Why you can't truly create Rosenblatt's Perceptron with Keras

...and what to do about it!

It was January 1957 when a report was released by Cornell Aeronautical Laboratory. It was written by Frank Rosenblatt and titled The Perceptron - a Perceiving and Recognizing Automaton, which aimed to "formulate a brain analogue useful in analysis" (Rosenblatt, 1957).

In his work, he presented the perceptron- a one-neuron neural network that would eventually lie at the basis of many further developments in this field.

Since I'm currently investigating historical algorithms and because I use Keras on a daily basis for creating deep neural networks, I was interested in combining both - especially since I saw some blogs on the internet that had applied it too.

Rather unfortunately, I ran into trouble relatively quickly.
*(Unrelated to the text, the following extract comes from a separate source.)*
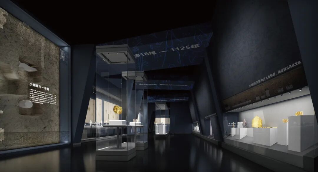 凌源境内小喇嘛沟辽墓是凌源地区迄今为止出土的辽代墓葬中规模最大、文物件数最多、文物等级最高的一座墓葬,充分反映了辽代以来贵族的生活景象。向内延申的展墙结合深色展示背景,构筑了小喇嘛辽墓的神秘感。

And it all had to do with the fact that Keras to me seems unsuitable for creating the Perceptron - you can get close to it, but you cannot replicate it exactly.

Why?

That's what I will cover in this blog. First, I'm going to take a look at the internals of a perceptron. I cover how data is propagated through it and how this finally yields a (binary) output with respect to the preferred class. Subsequently, I'll try to replicate it in Keras ... until the point that you'll see me fail. I will then introduce the Perceptron Learning Rule that is used for optimizing the weights of the perceptron, based on one of my previous posts. Based on how deep neural networks are optimized, i.e. through Stochastic Gradient Descent (SGD) or a SGD-like optimizer, I will then show you why Keras cannot be used for single-layer perceptrons.

Finally, I will try to get close to replication - to see what the performance of single-neuron networks could be for a real-world dataset, being the Pima Indians Diabetes Database.

Let's hope we won't be disappointed!

Update 02/Nov/2020: made code compatible with TensorFlow 2.x.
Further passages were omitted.